** Data excerpt **
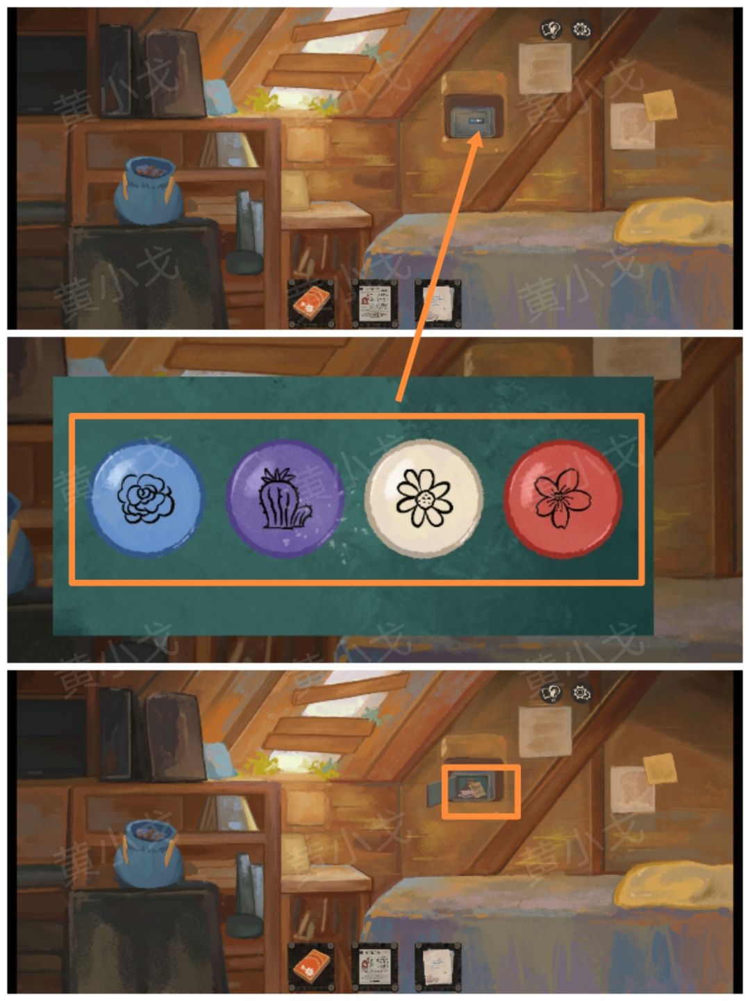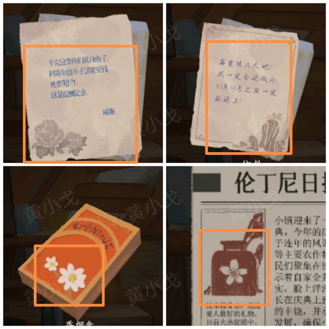 42.点击暗格中的保险柜上的机关,根据上面的颜色提示,结合【香烟盒】、【报纸】和【信件】上的花朵图案和颜色线索,调整密码锁,打开保险柜,查看里面的旧照
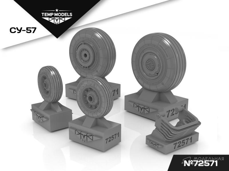 Колеса шасси Су-57 - в наборе даются два передних и два тормозных колеса. Имитирована нагрузка,  детализирован протектор и технические надписи, даны элементы тормозной системы. В наборе также дается брызговик передней стойки верной формы, минимальная толщина элемента которого составляет 0,15 мм.
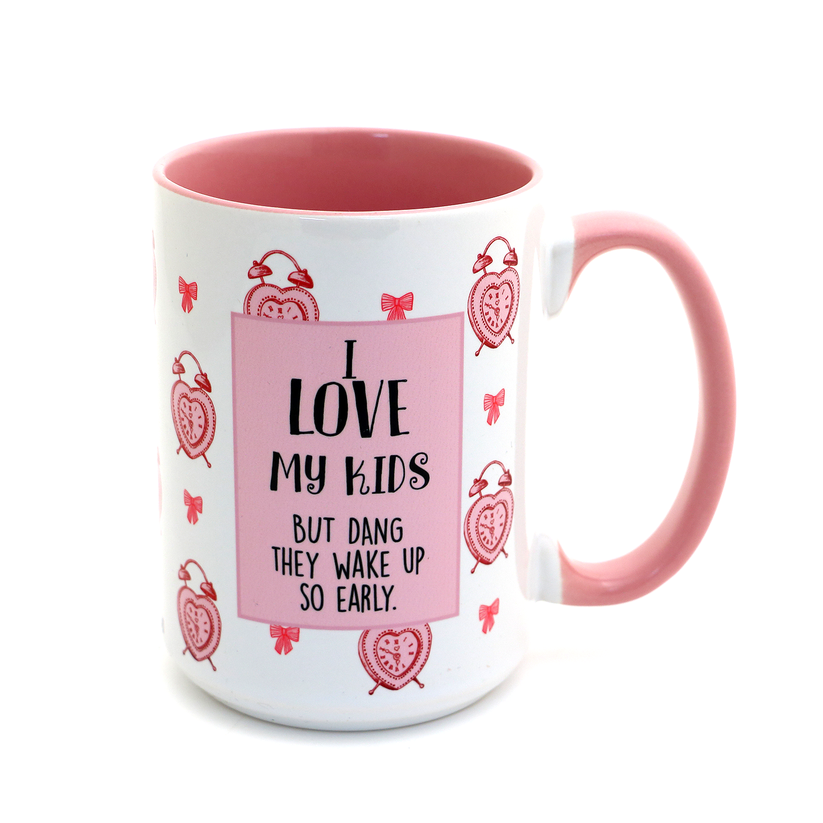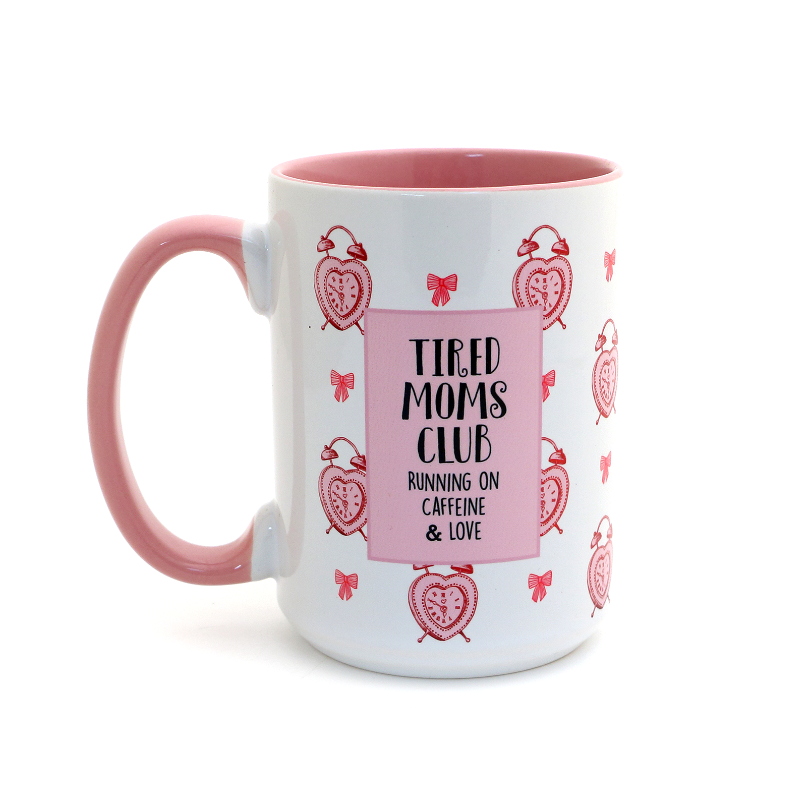Tired Moms Club Mug. Front reads: I Love My Kids, but dang they wake up so early. Back reads: Tired Moms Club, running on caffeine and love. This mug is created from stoneware clay kiln fired to over 1900 degrees. Mug is glossy white with pink illustrated clocks, a pink handle and a pink interior.
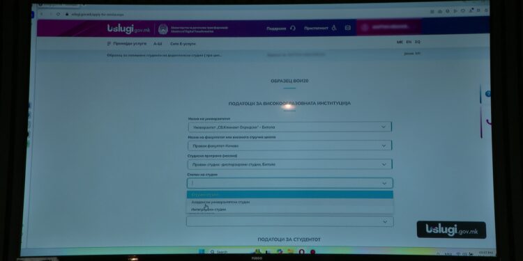 Studentët e ciklit të parë të studimeve kanë mundësinë të plotësojnë online formularin për regjistrimin e semestrit. Formulari është i disponueshëm në Portalin Kombëtar për e-shërbime www.uslugi.gov.mk. Me këtë mjet digjital, studentët dhe universitetet kursejnë kohë dhe shpenzime, ndërsa Instituti Shtetëror i Statistikave merr të dhëna të sakta dhe të përditësuara statistike nga fusha e arsimit të lartë.

** Task to complete **
Transcribe the lines that run from the line bearing "Tired Moms Club Mug." through the last line of the data. Keep the wording exact and leave out every picture.

** Your solution **
Tired Moms Club Mug. Front reads: I Love My Kids, but dang they wake up so early. Back reads: Tired Moms Club, running on caffeine and love. This mug is created from stoneware clay kiln fired to over 1900 degrees. Mug is glossy white with pink illustrated clocks, a pink handle and a pink interior.
 Studentët e ciklit të parë të studimeve kanë mundësinë të plotësojnë online formularin për regjistrimin e semestrit. Formulari është i disponueshëm në Portalin Kombëtar për e-shërbime www.uslugi.gov.mk. Me këtë mjet digjital, studentët dhe universitetet kursejnë kohë dhe shpenzime, ndërsa Instituti Shtetëror i Statistikave merr të dhëna të sakta dhe të përditësuara statistike nga fusha e arsimit të lartë.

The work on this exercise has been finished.